わたしは、二つ返事でOKし、資金集めのためのクラウドファンディングは見事成功して、原作「あなたには生きていてほしい」の2次制作作品として、絵本「飛べない鳥のかけるん」は生まれました。この絵本は、パパゲーノさんとしても第1作にあたる記念のもので、そのお陰で、いろんな方に宣伝していただき、先日は神奈川テレビさんや神奈川県知事の黒岩さん、NHKさんにもご紹介いただきました。さらに、電子書籍化までしていただきました。すごく、広がっていって、自分でもびっくりな展開です。片岡さん夫妻と株式会社パパゲーノの皆さんには、足を向けて寝れません。
ところで、生前、おばあちゃんが言っていた言葉があります。「生きてるだけで儲けもの」というものです。さんまさんの「生きてるだけで丸儲け」と似てますが、生きているだけで価値があるんだよ、とそっと心を押してくれたんだと思います。この言葉は、おばあちゃんがなくなった今でも、私の中に留まってくれてます。

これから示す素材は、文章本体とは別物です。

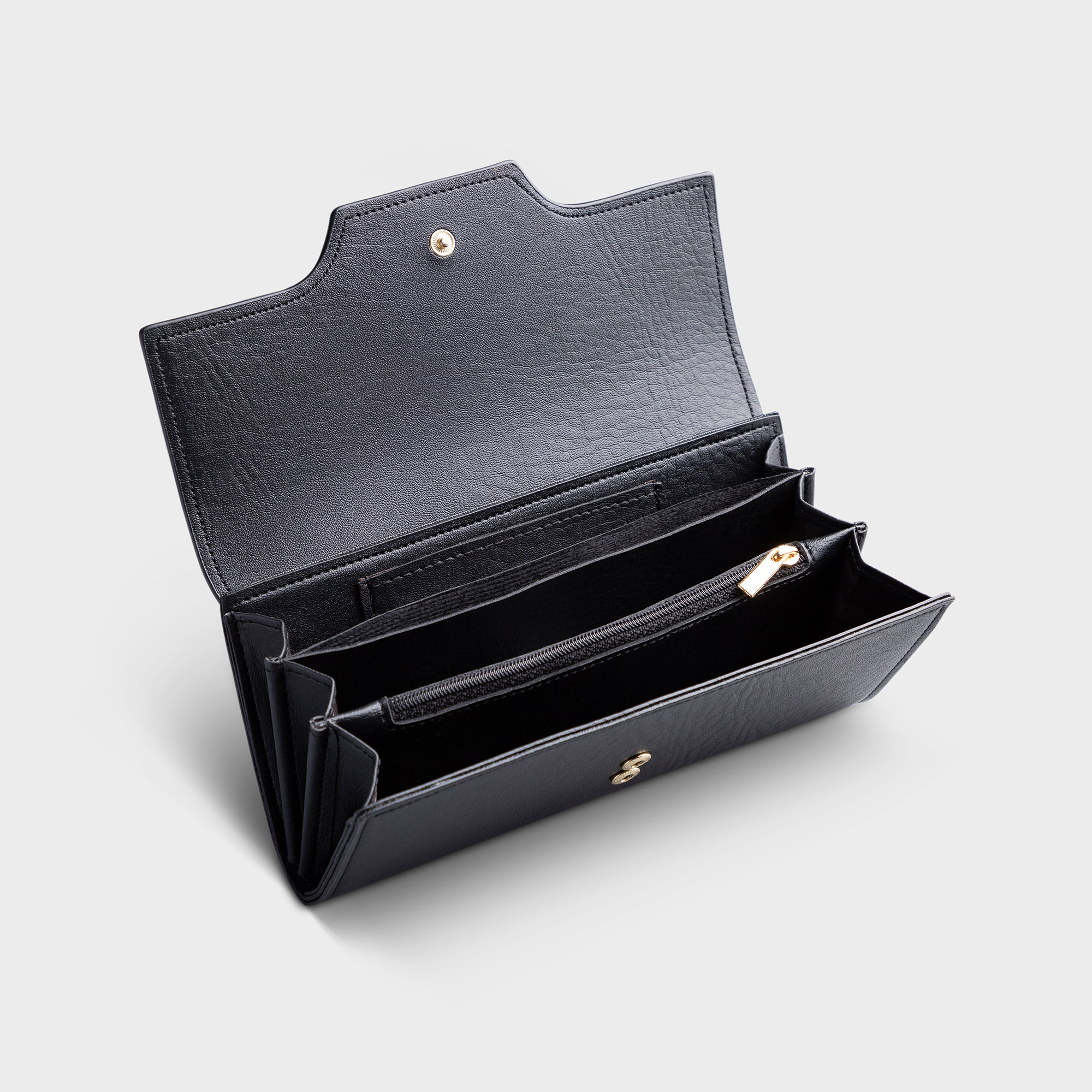 Kích thước: Chiều cao 13.0cm x Chiều ngang 21.0cm x Chiều rộng 4.0cm Ví cầm tay có dây đeo tay tháo rời được Có hai vách ngăn đựng thẻ và điện thoại Dây khóa kéo
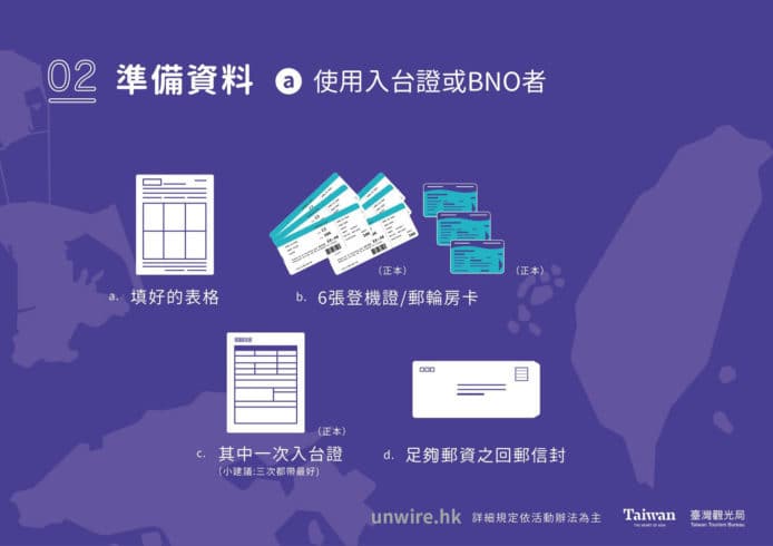 關於入台證方面,則需用備有出境章的入台證作申請,而入台證需要與申請的登機證對應,臺灣觀光局駐港辦事處官方表示建議三/四次的入台證都附上。每人最多可以兌換三次,唯申請第二次和第三次時,每次需備齊4次來回,共八張的登機證。
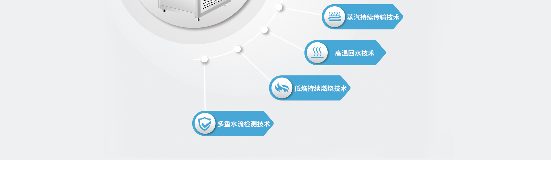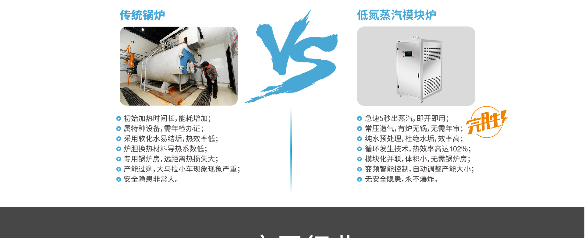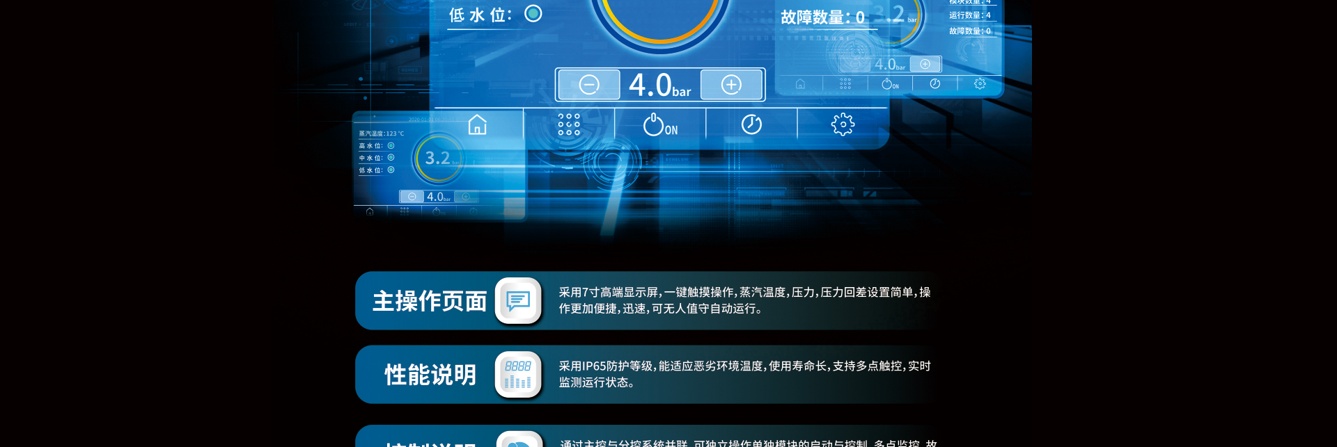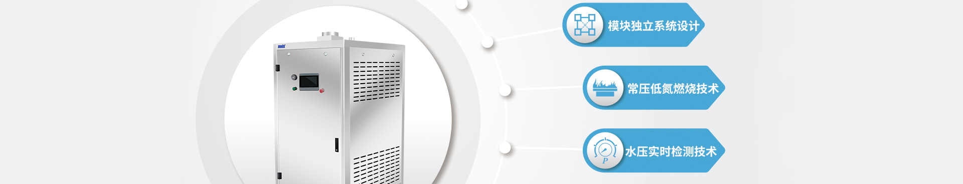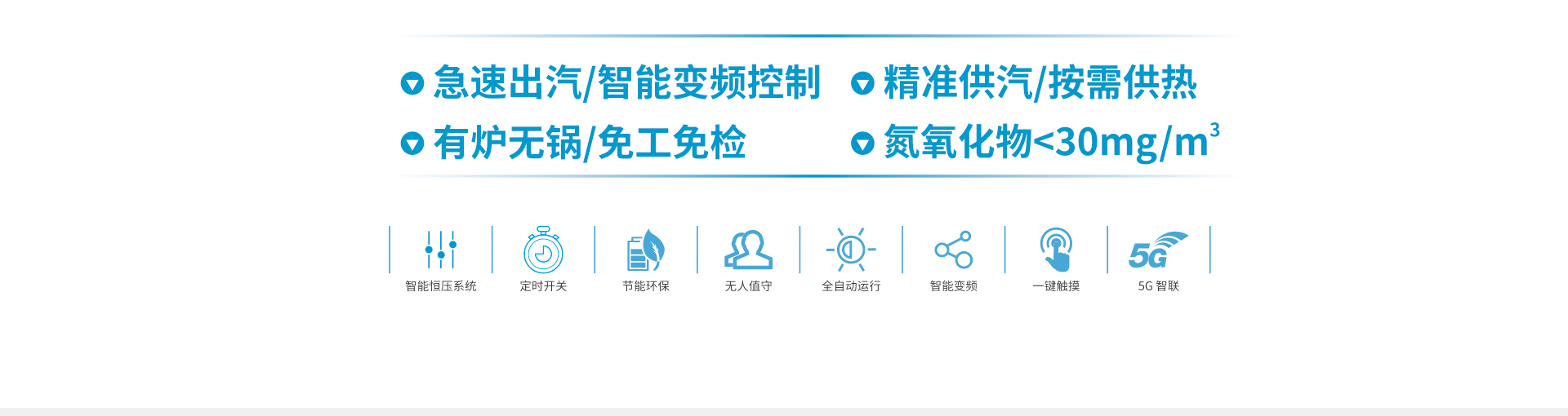 超低氮排放,耐壓0.7mpa,171℃高溫蒸汽,5秒上蒸汽,安全免檢,分級啟動,比例燃燒系統(tǒng),中央控溫系統(tǒng),102%熱效率,變頻控制。

わたしには、精神疾患の経験をしたものとして、考えがあります。例えば、病気をしてしまうと、主治医に対して、いいなりの奴隷のようにその言葉を丸のみにして聞いてしまう事があったり、外に出ようとしても、障害を持っているというジレンマで他の方に対して、臆病になりがちです。私自身、外に出ようとしても、他の方から、自分自身を指さされ、障がい者だと冷たい視線で見られるような気がして、なかなか外出できない頃もありました。しかし、友達に「あなたは今も昔もあなたなんだよ。変わりやしないよ。」と言われ、昔と同様に接してもらえたことで、障害を持った自分を認めてあげることができるようになり、それをきっかけに、他の方の目を気にしないで、堂々と生きて行こうと思えるようになりました。だからこそ、障害を持っていようがいまいが、自由な意見を言うことができ、仕事やレジャーを自由に楽しめるような世の中であってほしいと願っています。障がい者になりたくてなった人はいないと思います。もし、あなたが突然障がい者になったら、家族が障がい者になったら、大切な友達がそうなったら、あなたはどうしますか?その時、初めて、障がい者にもっと向き合えばよかったと思うかもしれません。今、もっと障がい者に関心を持ってくれるような人が一人でも多くなり、そのスティグマ(偏見)が少なくなるようになることが、私の願いです。そして、そのために私だけでなく、多くの方が今日も頑張っていることを忘れてはいけないと思うのです。
さらに、医療者が精神疾患をもつ方に、支援するだけでなく、共に生きる世の中になってほしいのです。もっと言えば、当事者同士であったも、共に協力し合えるそんな社会になっていけばいいな、と切に思うものです。